The Bannister Building looks distinct among the typical red-brick buildings on campus, yet students walking by, preoccupied by their phones and classes, fail to notice the 40-foot-long steel columns suspended from the building.
Wooden artifacts like a violin and wood samples the size of a dinner plate are scattered throughout the lobby, which would normally be open to the public if it weren’t for COVID-19.
But hiding in the basement, home of the University of Arizona Laboratory of Tree-Ring Research, is the largest collection of tree-ring samples in the world.
The world-renowned research facility that studies tree samples from around the globe, received a grant of $100,180 from the National Parks Service to conserve and catalog 210 linear feet of samples of iconic tree-rings according to the lab’s website.
The samples are archived in shelves double the size of a full-grown man. The stark fluorescent-lit archive smells like an old, neglected high school woodshop, even though the facility was built just nine years ago.
“One of the main points of the archive is to allow us to reuse the samples,” said Curator of Collections Peter Brewer.
To do this, they need to “gather as much information as possible,” so it can be cross-referenced to other research topics, from dendroarchaeology to climate analysis.
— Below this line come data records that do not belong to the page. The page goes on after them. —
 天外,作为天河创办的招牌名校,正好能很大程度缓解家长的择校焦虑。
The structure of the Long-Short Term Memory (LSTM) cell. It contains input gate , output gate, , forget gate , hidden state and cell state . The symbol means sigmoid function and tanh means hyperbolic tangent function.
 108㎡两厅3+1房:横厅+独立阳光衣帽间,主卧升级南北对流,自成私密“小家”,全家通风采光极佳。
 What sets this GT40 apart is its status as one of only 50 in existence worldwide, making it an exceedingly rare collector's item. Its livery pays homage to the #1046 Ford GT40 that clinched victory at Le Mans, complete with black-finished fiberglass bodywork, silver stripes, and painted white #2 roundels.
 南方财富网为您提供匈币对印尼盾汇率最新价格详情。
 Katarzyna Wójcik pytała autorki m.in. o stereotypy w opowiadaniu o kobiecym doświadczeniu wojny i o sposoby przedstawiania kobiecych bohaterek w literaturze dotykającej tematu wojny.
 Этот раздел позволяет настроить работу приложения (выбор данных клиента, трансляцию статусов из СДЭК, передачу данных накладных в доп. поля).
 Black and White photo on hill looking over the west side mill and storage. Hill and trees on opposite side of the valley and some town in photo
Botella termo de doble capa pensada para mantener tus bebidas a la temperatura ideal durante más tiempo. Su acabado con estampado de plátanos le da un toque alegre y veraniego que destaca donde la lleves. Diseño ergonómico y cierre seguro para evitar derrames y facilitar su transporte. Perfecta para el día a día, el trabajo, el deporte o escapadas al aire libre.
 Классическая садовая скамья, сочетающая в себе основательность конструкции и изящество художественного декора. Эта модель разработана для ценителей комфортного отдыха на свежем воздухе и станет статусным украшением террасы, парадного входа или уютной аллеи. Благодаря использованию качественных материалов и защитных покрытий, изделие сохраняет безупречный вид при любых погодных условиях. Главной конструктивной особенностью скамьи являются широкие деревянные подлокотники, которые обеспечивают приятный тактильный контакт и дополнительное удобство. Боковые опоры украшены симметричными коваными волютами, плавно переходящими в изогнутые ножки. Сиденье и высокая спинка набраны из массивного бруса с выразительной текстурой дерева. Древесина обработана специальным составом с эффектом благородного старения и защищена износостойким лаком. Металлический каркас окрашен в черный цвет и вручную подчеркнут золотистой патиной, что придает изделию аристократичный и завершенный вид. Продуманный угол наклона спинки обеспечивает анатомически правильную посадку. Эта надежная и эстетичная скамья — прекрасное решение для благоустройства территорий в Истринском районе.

Brewer said it can take hours to days to catalog and archive the samples. Cataloging samples requires knowledge of the tree species, location where the sample was taken, the date and who collected it among other tedious factors, he said.
They received samples from decades ago where the only description from the sample’s location was “over from the white rock where we had lunch yesterday,” said Martin Munro, a senior research specialist at the lab.
Ramzi Touchan, a research professor, showed a booklet that scientists now use to track the exact location of tree samples taken in the field. He used it while sampling trees in the Mediterranean a few years ago.
Archiving the samples properly is important for future research conducted too, according to Brewer.
Brewer pointed out the 42 boxes of archived Sequoia samples stacked up to the ceiling. Each box had an image of the tree species on the outside, and below them were hundreds more samples waiting to be organized with small, white identification cards nailed into their sides.
When opened, the boxes contain trimmed pieces of the core that assemble like a puzzle. Individually they are around 14 inches long, but when put together the samples create a five-meter-wide piece of wood, on which two students could lay down head-to-toe comfortably.
“[Munro and Touchan] are fantastic scientists,” Brewer said, “but that’s the stuff they need to focus on … you need a librarian to get everything organized.”
The Laboratory of Tree-Ring Research researches dendroarchaeology using Giant Sequoia samples from California. Researchers use the cores to study environmental trends across thousands of years of history by studying burn scars and spacing between the rings.
“When you have two millennia of information, you can look at events from the past and compare it to the present,” Touchan said. “The tree rings evolve to show the difference between the past and the present. That’s how we can learn about climate change.”